Photo Source: Fresh-Energy

The Environmental Protection Agency (EPA) has general guidelines to protect pollinators from harmful insecticides, and there are no shortage of pollinator-friendly organizations out there that promote best practices in supporting pollinators in your home garden, school, business, etc. Many states are now implementing their own pollinator-friendly solar farm standards to incentivize pollinator habitats specifically on solar farm developments. Minnesota was the first state to do just that back in 2016, when then Governor Mark Dayton signed the Pollinator Friendly Solar Act into law. This first-of-its-kind legislation outlined voluntary standards and benchmarks that participating solar sites can meet in order to achieve recognition as a “pollinator-friendly” solar location. Several other states have followed Minnesota’s lead and developed their own voluntary standards to certify solar sites as pollinator-friendly.

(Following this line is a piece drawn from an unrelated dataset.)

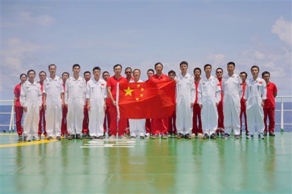 11时40分,西太平洋海面波光粼粼,晴空万里。“科学”号海上堡垒临时党支部全体党员、入党积极分子列队整齐,迎接穿越赤道的时刻。仪式在雄壮的国歌声中开始,全体人员面向五星红旗齐唱国歌,跨越赤道进入南半球。

Photo Source: Fresh-Energy

We’ve seen consumers’ pro-renewable preferences influence all sorts of industries and the honey industry is no different. Not only are pollinator-friendly solar sites becoming more common as a way to benefit farmers and vulnerable pollinator populations, but honey producers are also realizing the appeal of marketing honey harvested on solar farms. Companies like Minnesota-based Bare Honey are embracing this promising market opportunity and showcasing the multiple layers of economic and  environmental benefits of solar-based honey production.

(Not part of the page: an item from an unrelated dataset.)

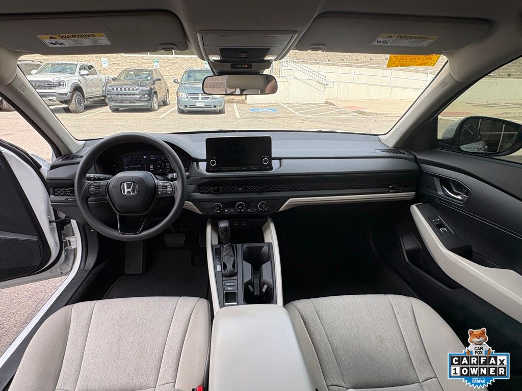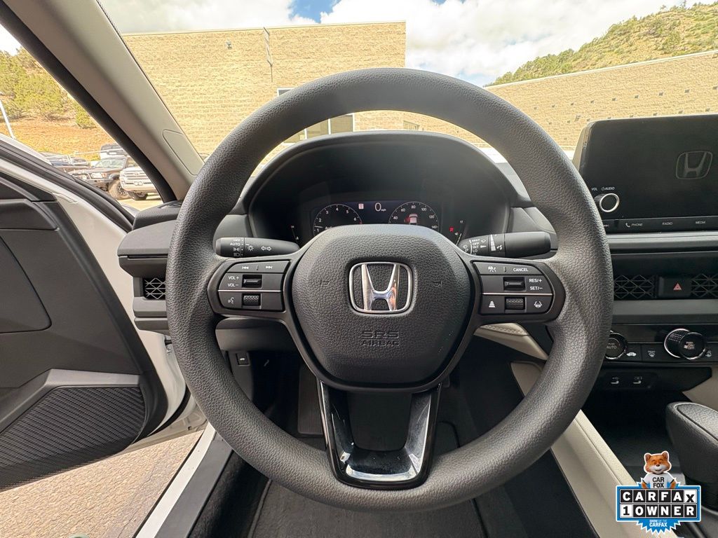 The 2023 Honda Accord LX is a refined and efficient midsize sedan that delivers a strong balance of performance, comfort, and modern technology. Powered by a 1.5L turbocharged 4-cylinder engine paired with a continuously variable transmission, it produces a responsive 192 horsepower while maintaining excellent fuel efficiency for both city and highway driving. With front-wheel drive, it offers smooth handling and a composed ride, making it an ideal choice for daily commuting and long-distance travel alike. The redesigned exterior features a clean and sophisticated look, while the interior provides a spacious and comfortable cabin with quality materials and a modern layout. Inside, it includes a user-friendly infotainment system with Apple CarPlay and Android Auto, a digital instrument display, and advanced driver-assist features such as adaptive cruise control, lane keeping assist, and collision mitigation braking, giving it a well-rounded mix of convenience and safety.

The cross-cutting benefits of solar energy never cease to amaze us. The emerging prominence of agrivoltaics is but the latest manifestation of the broad benefits associated with solar energy. Not only can solar energy lead the way to powering the world in a more sustainable way, but it can totally transform the way that we produce food. Imagine a future where acres of farmland is covered with solar panels and high yielding crops; grazing sheep and abundant honey producers. Global de-carbonization goals will require wholesale changes across many industries. The ongoing innovations in the agriculture industry and the emergence of agrivoltaics are a great example of how solar energy will continue to shape (and improve) the future.